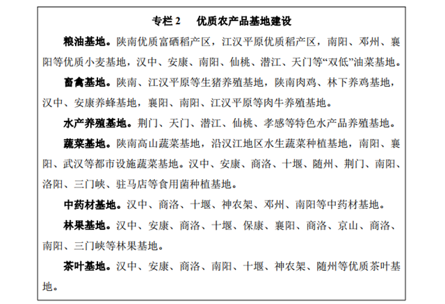 推進現(xiàn)代農(nóng)業(yè)發(fā)展。發(fā)展農(nóng)產(chǎn)品加工業(yè),統(tǒng)籌推進農(nóng)產(chǎn)品初加 工、精深加工和綜合利用加工,延長產(chǎn)業(yè)鏈條。拓展農(nóng)業(yè)多功能性, 推進農(nóng)業(yè)與旅游、教育、文化、健康養(yǎng)老等產(chǎn)業(yè)深度融合,發(fā)展休 閑農(nóng)業(yè)、觀光農(nóng)業(yè)、體驗農(nóng)業(yè)、創(chuàng)意農(nóng)業(yè)等新業(yè)態(tài)。做好農(nóng)村產(chǎn)業(yè) 融合發(fā)展“百縣千鄉(xiāng)萬村”試點示范工作,打造一批農(nóng)村產(chǎn)業(yè)融合發(fā) 展示范園。加快農(nóng)業(yè)科技創(chuàng)新能力條件建設,聯(lián)合開展農(nóng)業(yè)氣象、 病蟲害監(jiān)測預警、動植物疫病防治等關(guān)鍵技術(shù)研發(fā)和基礎(chǔ)設施建 設。支持漢中、南陽、十堰、荊門、仙桃、潛江、武漢等國家農(nóng)業(yè) 科技園建設,推進農(nóng)業(yè)科技創(chuàng)新聯(lián)盟發(fā)展。建立全程可追溯、互聯(lián) 共享的農(nóng)產(chǎn)品質(zhì)量安全信息平臺。
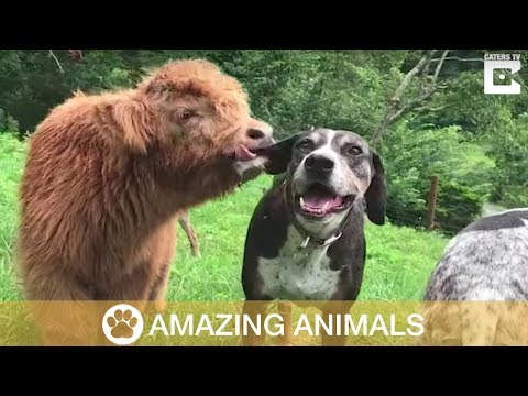 A jejich roztomilé fotografie chlupatý skot žije po boku jeho psí kamarádi z něho učinily sociální mediální senzace.
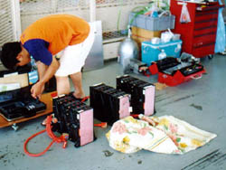 といって、全部変えられるだけの時間も電池も持ってませんから、 予選は半分しか使ってなかったりするんですけどね。 電池替えるのは一仕事です。配線も並列に戻さないといけません。 |

_Required work_. Once the pictures are removed, copy the listing exactly.

_Answer for the task_.
 推進現(xiàn)代農(nóng)業(yè)發(fā)展。發(fā)展農(nóng)產(chǎn)品加工業(yè),統(tǒng)籌推進農(nóng)產(chǎn)品初加 工、精深加工和綜合利用加工,延長產(chǎn)業(yè)鏈條。拓展農(nóng)業(yè)多功能性, 推進農(nóng)業(yè)與旅游、教育、文化、健康養(yǎng)老等產(chǎn)業(yè)深度融合,發(fā)展休 閑農(nóng)業(yè)、觀光農(nóng)業(yè)、體驗農(nóng)業(yè)、創(chuàng)意農(nóng)業(yè)等新業(yè)態(tài)。做好農(nóng)村產(chǎn)業(yè) 融合發(fā)展“百縣千鄉(xiāng)萬村”試點示范工作,打造一批農(nóng)村產(chǎn)業(yè)融合發(fā) 展示范園。加快農(nóng)業(yè)科技創(chuàng)新能力條件建設,聯(lián)合開展農(nóng)業(yè)氣象、 病蟲害監(jiān)測預警、動植物疫病防治等關(guān)鍵技術(shù)研發(fā)和基礎(chǔ)設施建 設。支持漢中、南陽、十堰、荊門、仙桃、潛江、武漢等國家農(nóng)業(yè) 科技園建設,推進農(nóng)業(yè)科技創(chuàng)新聯(lián)盟發(fā)展。建立全程可追溯、互聯(lián) 共享的農(nóng)產(chǎn)品質(zhì)量安全信息平臺。
 A jejich roztomilé fotografie chlupatý skot žije po boku jeho psí kamarádi z něho učinily sociální mediální senzace.
 といって、全部変えられるだけの時間も電池も持ってませんから、 予選は半分しか使ってなかったりするんですけどね。 電池替えるのは一仕事です。配線も並列に戻さないといけません。 |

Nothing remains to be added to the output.